The faculty’s newest course offers hands-on research assistant experience for new students
This fall term, 20 humanities students were the first to get hands-on research opportunities through the faculty’s newest seminar: HUMA 295: Discovering Humanities Research.
“I’m a firm believer in experiential learning,” said UVic linguistics professor and Humanities Associate Dean of Research Dr. Alexandra D’Arcy. “I’ve always believed that the best way to learn and to figure out how theory applies in the real world is to actually carry out the research yourself.”
D’Arcy, who teaches and helped create the course, seeks to introduce first-year students to the interdisciplinary and multidisciplinary nature of humanities research through a focus on experiential learning.
What separates the course from many others in the humanities is its research practicum. Students in the sciences and social sciences often have more hands-on learning opportunities, such as labs. But at UVic, D’Arcy says those opportunities are more rare in the humanities.
HUMA 295 offers nine different Social Sciences and Humanities Research Council-funded projects for their students to pick from. These projects come from a variety of different departments within the faculty such as Gender Studies, Greek and Roman Studies, Linguistics, Medieval Studies, English, and many others. Students get the opportunity to pick their top three placements from the list of projects and hope for their first choice. Once accepted, students work alongside their primary investigator as a research assistant for 10 hours of research work.
Alongside the practicum, students also get the opportunity to hear from 14 different guest lecturers during class time and are asked to interview three other faculty members about their work. In total, these 20 students get the opportunity to engage with roughly 60 members of the Faculty of Humanities.
The course aims to help humanities students “see and appreciate the multidisciplinary disciplines of humanities and what humanities are really about at their core,” said D’Arcy.
“You can say to someone that humanities are about exploring what it means to be human but that’s really difficult to put into context … being able to translate the value of the humanities outside of the humanities is perhaps one of the most important skills of a contemporary academic.”

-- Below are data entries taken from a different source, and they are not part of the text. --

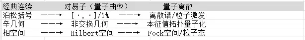 经典 / 相对论:对称是连续李群(SO(3),SU(2),U(1)),对易子是李括号,自由度无限光滑;
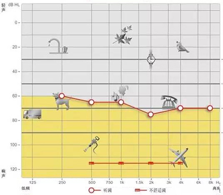 小声听不到,大声受不了是重振现象。以下图听力曲线为例,“飞机”处于不舒适阈附近,听力损失者对“飞机”的声音听着受不了。另外,该听力损失者听不到“手表”等声音。
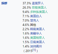 我们来看下关岛的族群构成(2015年统计数据,总人口16万人):
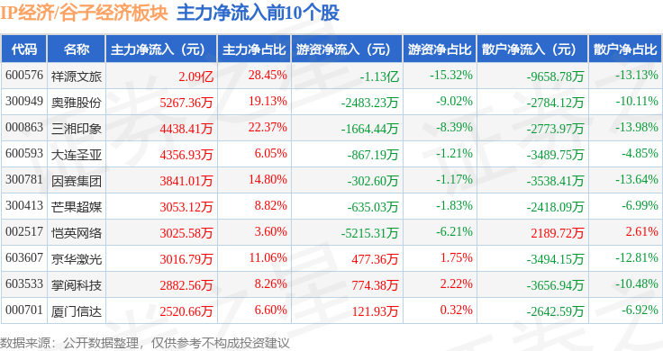 从资金流向上来看,当日IP经济/谷子经济板块主力资金净流出6.05亿元,游资资金净流出2.14亿元,散户资金净流入8.19亿元。IP经济/谷子经济板块个股资金流向见下表:
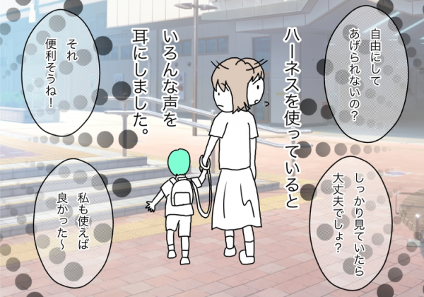 確かに見た目から犬の散歩のように見え、心ない言葉をかける人もいるかもしれません。が、お子さんの安全を守れるのは行動を共にする保護者だけなのですよね。また、ハーネスの存在によって、必要以上に子どもにきつく叱ることもなくて済む面もあると思います。言葉で言って聞かせてもまだまだ自分で行動を制御するのが難しい年齢の場合は、上手にハーネスを使うことで危険と折り合いをつけつつ“自由に歩く経験”ができるのではないかと思います。
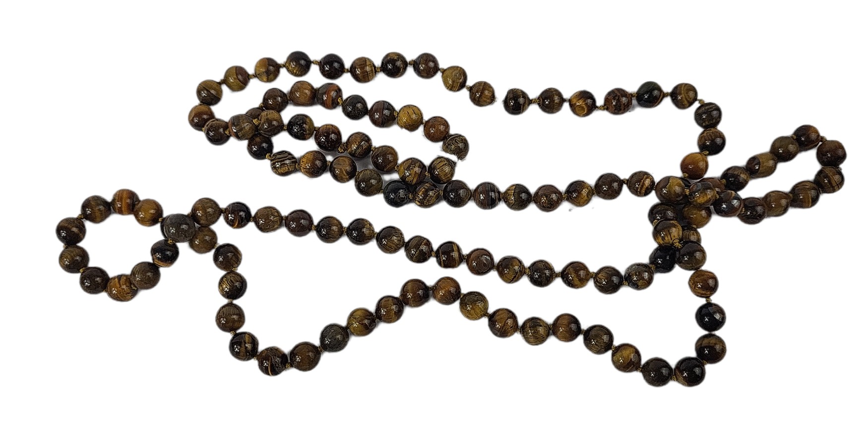 A STRING OF TIGERS-EYE ROUND BEADS.(length 56cm)Condition: good
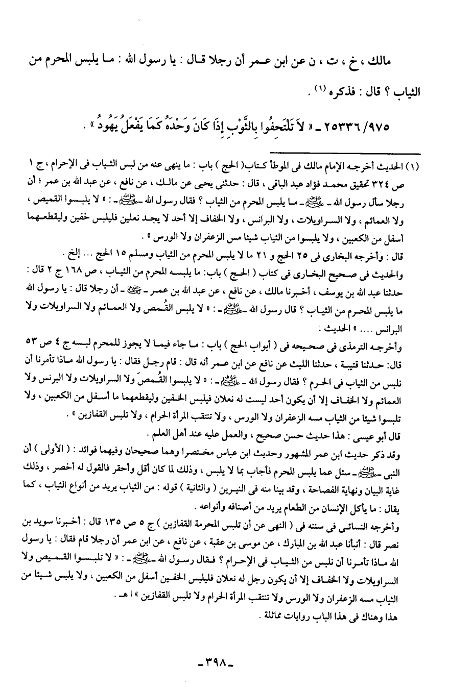 قال: وأخرجه البخارى في 25 الحج و 21 ما لا يلبس المحرم من الثياب ومسلم 15 الحج ... إلخ.

Though originally set as a one-time seminar, the course has recently been confirmed by an internal humanities committee to be regularized. The course will be renamed “Exploring Humanities Research,” and will be renumbered as HUMA 180. However, the new course will not be open to everyone. Due to its required resources and small class size, the course will be restricted to students entering the university with an average of 90 per cent or above.
But don’t let that get you down. D’Arcy claims that, “the desire is to open up other pathways into the course [moving forward].”

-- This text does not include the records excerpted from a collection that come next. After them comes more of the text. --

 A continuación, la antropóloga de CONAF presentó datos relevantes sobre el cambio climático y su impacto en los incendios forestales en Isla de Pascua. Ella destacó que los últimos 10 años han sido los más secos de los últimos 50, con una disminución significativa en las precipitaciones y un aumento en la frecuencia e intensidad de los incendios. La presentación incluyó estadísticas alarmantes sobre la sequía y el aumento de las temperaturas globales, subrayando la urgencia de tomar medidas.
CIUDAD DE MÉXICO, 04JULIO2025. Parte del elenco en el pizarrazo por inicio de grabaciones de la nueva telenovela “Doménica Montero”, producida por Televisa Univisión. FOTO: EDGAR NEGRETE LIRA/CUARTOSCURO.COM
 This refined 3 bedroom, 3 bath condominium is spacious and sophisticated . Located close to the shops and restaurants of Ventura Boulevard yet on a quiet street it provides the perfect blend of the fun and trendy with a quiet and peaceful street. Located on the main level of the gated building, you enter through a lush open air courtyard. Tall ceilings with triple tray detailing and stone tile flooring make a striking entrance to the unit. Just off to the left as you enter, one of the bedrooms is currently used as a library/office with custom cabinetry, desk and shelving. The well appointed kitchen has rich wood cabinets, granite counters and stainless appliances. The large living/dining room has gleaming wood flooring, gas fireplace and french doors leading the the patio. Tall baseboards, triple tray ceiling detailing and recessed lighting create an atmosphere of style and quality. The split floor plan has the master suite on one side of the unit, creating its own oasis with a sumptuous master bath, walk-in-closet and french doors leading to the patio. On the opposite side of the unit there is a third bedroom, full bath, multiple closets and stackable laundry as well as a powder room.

The course is only possible due to the generosity of researchers in the humanities, who have welcomed students in and made space for them on their projects. For D’Arcy, one of the unique aspects of the course is that it exposes students to how academic work in the humanities applies to everyday life.
“What I find most exciting about HUMA 295 is the way it exposes students to so many ways of thinking about what it means to be human and … it makes them think about how to situate and embed that question in broader societal concerns and issues.”
“So that [students] see that the relevance of the humanities is both richly scholarly and academic but that it’s also profoundly public in that they have resonance in the everyday, quotidian aspects of being human.”